Der ganze Park

Bereich für Texte mit lyrischem Charakter: z.B. Liebeslyrik, Erzählgedichte, Kurzgedichte, Formgedichte, Experimentelle Lyrik sowie satirische, humorvolle und natürlich auch kritische Gedichte
Louisa

Beitragvon Louisa » 14.06.2006, 15:38

Die neuste Fassung (mit freundlicher Unterstützung von moshe! §blumen§):


Die fleckigen und müden Greisenhände
warfen Bocciakugeln ins Wiesenbett.

Der nass frisierte junge Herrenkopf
sah nicht, dass der Tod im Luftgewand

Direkt vor seinen grün gefärbten Augen
und in der Flugbahn seines Speichels stand.

Mein höhnisches Lachen fiel von der Holzbank.

Die Sonne streute ständig braunen Zucker
auf schimmernde Sandwege und Sandalen.

Selten schlichen Kokoswolken über blaue Kräne
die sich weich und langsam drehten
heimlich in die fernen Morgen spähten.

Es war so leicht sehr schwer zu werden.

An Bordsteinkanten und an nackte Zehen
flog sanft der Schaum aus Blütenregen.

Beständig zupfte eine alte ruhelose Dame
die weißen Körnchen von der roten Jacke.

Der schmale Studentenmund spricht Frauen
eigentlich niemals grundlos an, aber heute...

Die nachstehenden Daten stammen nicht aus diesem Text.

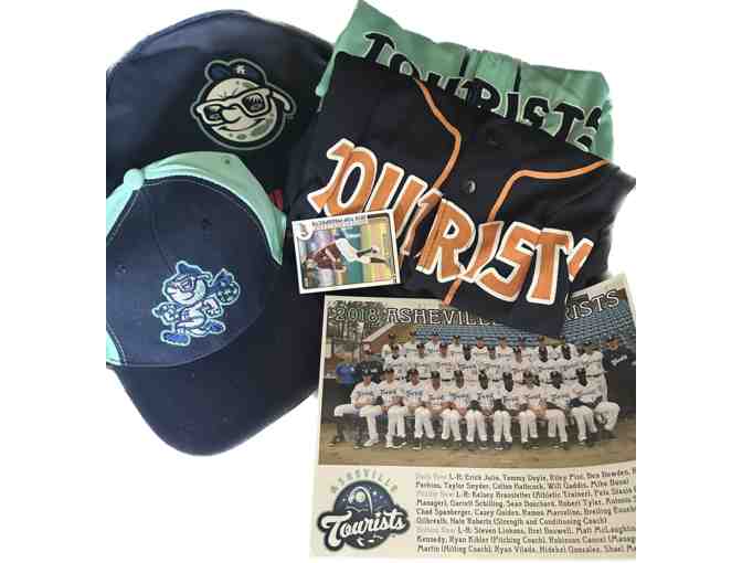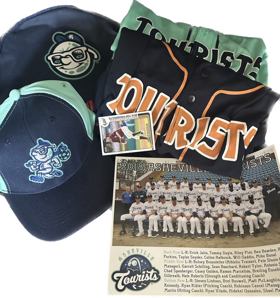 This basket includes 2 Tourist Jerseys (Youth Large and Adult XL), a Logo Baseball Cap, a Logo drawsting bag and Casey Meisner Baseball Card.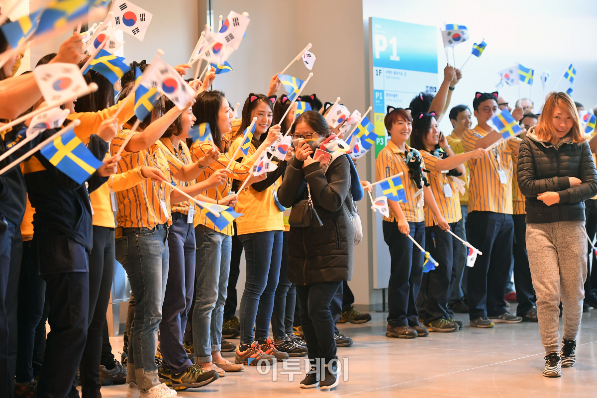 국내 이케아 두번째 매장인 고양점이 19일 문을 열었다. 고양점은 경기 고양시 도내동에 면적 5만 2199㎡, 4층 규모 건물로 지어졌다. 2~3층을 사용하며, 1~B1층엔 롯데아울렛이 들어선다. 이날 이케아 고양점 직원들이 태극기와 스웨덴 깃발을 흔들며 입장하는 고객을 맞이하고 있다. 이동근 기자 foto@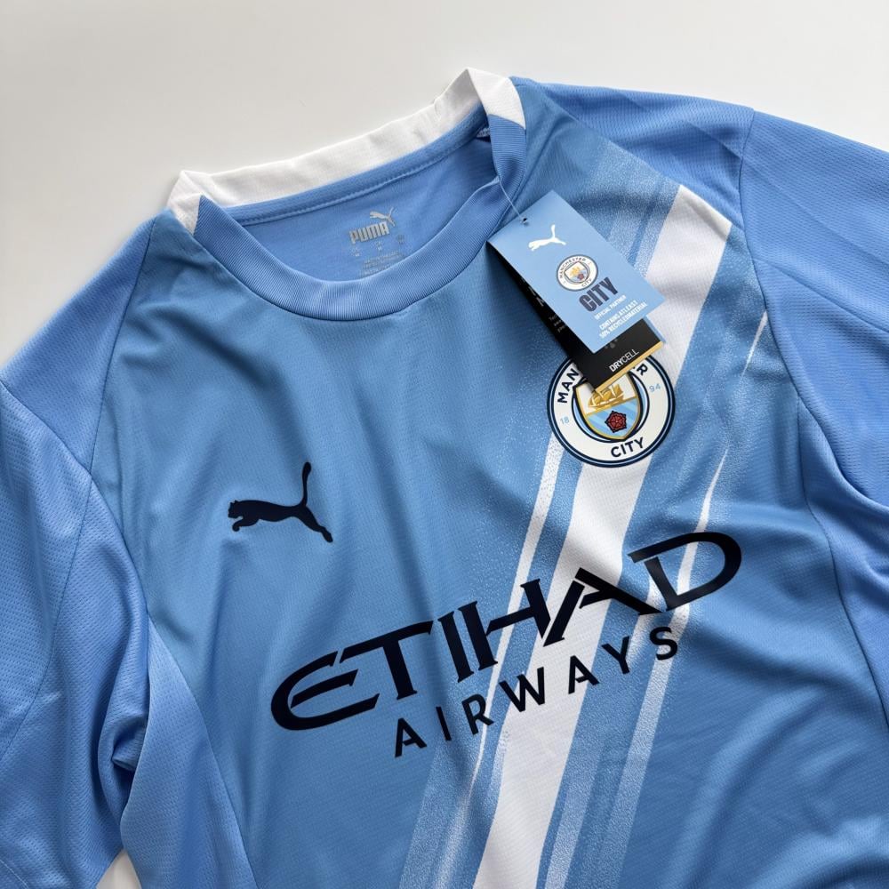 - شعار مطرز: شعار مانشستر سيتي الأيقوني مطرز بدقة ليضفي لمسة من الفخر والانتماء.

Du hast das alles nicht gesehen.
Du hast nichts davon bemerkt.

Aber meine wortlosen Hände stahlen Dir
die schwere Schwüle und sie trugen das

Orangenlicht hinfort in meiner unfassbaren
Handtasche, um ihn einmal vor Dir auszuleeren,
diesen Sommer-Schwebetag -

Und ich nahm den ganzen Park !




"Alte" Fassung:

Die befleckten, müden Greisenhände
warfen Bocciakugeln ins Wiesenbett.

Der nass frisierte junge Herrenkopf
sah nicht, dass der Tod im Luftgewand

Direkt vor seinen grün gefärbten Augen
und in der Flugbahn seines Speichels stand.

(Aber ich auf der Holzbank lächelte höhnisch.)

Die Sonne verstreute braunen Zucker
auf schimmernde Sandwege
und staubige Sandalenschritte.

Selten schlichen Kokoswolken über blaue Kräne
die sich weich und langsam hinter ihnen drehten
um heimlich schon die fernen Morgen auszuspähen.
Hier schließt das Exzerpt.